A Tempest in Jerusalem

One never knows what kind of a vipers' nest of outrage will be raised through a generally perceived insult among Muslim populations.

One does not take the image of the Prophet Mohammad in vain, the world has learned after Denmark's misfortune leading to massive riots throughout the Muslim world. Muslims feel somehow free to deface and to demolish places and symbols sacred to other religions, but since Islam is the one true religion, it seems to make good sense to their leaders to insist that Muslims rise up in righteous anger to visit violence upon those threatening the same to Islam's holy sites.

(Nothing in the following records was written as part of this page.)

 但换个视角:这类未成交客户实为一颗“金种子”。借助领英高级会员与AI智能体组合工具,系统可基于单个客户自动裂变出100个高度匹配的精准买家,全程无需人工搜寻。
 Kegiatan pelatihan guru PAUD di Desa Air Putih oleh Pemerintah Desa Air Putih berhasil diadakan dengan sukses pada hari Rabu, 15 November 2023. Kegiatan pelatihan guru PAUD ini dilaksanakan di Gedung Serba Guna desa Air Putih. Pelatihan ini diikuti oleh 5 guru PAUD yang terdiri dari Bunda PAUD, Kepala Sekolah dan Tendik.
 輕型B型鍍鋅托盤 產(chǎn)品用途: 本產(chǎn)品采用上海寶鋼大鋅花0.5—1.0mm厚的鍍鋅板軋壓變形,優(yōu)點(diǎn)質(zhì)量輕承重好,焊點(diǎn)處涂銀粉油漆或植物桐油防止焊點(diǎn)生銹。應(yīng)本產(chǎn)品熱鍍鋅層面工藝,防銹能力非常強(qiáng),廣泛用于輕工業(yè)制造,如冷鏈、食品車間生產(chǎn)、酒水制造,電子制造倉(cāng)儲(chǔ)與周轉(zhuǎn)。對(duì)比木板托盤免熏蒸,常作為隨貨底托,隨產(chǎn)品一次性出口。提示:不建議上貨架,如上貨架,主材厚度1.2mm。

Even if no real threats actually exist, the very idea that they might, conceivably, is sufficient to ensure that there will be hysterical denunciations of infidels and Jews followed by fervid insistence on jihad against the unbelievers. The most urgent duty of Muslims is to protect Islam's holy places, and Muslims take this responsibility seriously indeed. Rabidly accusing non-Muslims of evil designs against the sacred divinity of Islam, with dire consequences to follow.

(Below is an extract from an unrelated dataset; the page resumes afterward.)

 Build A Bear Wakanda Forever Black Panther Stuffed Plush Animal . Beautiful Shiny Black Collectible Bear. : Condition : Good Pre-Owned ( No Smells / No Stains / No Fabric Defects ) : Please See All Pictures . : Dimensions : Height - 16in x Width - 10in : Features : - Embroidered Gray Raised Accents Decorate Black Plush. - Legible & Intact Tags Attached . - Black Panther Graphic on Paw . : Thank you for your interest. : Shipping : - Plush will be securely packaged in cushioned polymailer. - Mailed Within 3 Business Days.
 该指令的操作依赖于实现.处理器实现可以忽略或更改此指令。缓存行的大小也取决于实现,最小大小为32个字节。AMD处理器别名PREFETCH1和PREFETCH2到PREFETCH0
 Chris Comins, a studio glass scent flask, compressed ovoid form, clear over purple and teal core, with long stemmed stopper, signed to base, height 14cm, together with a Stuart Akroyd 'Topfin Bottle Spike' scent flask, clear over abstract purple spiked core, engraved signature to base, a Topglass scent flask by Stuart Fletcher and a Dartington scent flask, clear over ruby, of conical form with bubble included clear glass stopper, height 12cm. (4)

Grievance, victimhood, hysterical denunciations, eagerness to give up one's life for the greater glory of Islam seems to mark the duty of the true Muslim. And when Israeli authorities decide to dedicate their own sacred places for protected status, the result is a certain pathology of rabid fury. Accusations of plots to destroy Muslim sites, to impinge upon Palestinian sovereignty (at least that part has a ring of reality) accelerates to violent insurgency.

When Israeli police clear out the area of the Temple Mount/Dome of the Rock of its violent, masked 'protesters' to ensure that innocent people are not wounded or killed as a result of the violence, this too is a offence against Islam, and calls for a renewed Intifada ring out from Qatar to Jordan to Egypt to the Gaza Strip, as violence is urged to "protect our Islamic holy places" from Jewish claims of ownership. Tourists visiting the Temple Mount are seen as "extremist groups" planning to defile Islamic holy sites.

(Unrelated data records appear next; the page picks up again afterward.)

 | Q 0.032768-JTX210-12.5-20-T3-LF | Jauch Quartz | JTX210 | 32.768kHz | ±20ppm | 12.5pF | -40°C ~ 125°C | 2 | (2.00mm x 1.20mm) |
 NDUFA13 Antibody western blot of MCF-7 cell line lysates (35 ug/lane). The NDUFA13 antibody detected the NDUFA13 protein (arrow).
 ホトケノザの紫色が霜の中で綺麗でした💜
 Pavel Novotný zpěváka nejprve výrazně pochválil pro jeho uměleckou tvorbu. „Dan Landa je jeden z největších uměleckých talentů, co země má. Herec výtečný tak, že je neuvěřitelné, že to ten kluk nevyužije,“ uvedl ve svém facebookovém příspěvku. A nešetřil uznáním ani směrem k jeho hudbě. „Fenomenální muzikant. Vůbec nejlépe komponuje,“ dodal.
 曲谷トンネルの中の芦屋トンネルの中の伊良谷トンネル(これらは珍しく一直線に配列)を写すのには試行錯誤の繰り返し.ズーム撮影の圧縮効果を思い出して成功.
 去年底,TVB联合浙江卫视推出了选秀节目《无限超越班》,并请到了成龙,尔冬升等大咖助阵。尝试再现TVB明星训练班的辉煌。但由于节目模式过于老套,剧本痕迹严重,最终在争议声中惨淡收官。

To Jews the Temple Mount represents the place where, in antiquity, the original Temple of Solomon stood, and was re-built, then destroyed again, with Muslims insisting that no such temple ever stood there. The Temple Mount, the most sacred site in Judaism, is to Muslims the Dome of the Rock, where the Prophet Mohammad ascended to heaven, and where the Al-Aqsa Mosque now sits, protected by the State of Israel.

To be sure, there has been provocation, with some fundamentally Orthodox rabbis planning to campaign to rebuild the ancient temple. Activity which has been condemned by the greater majority of Israeli religious and political leaders.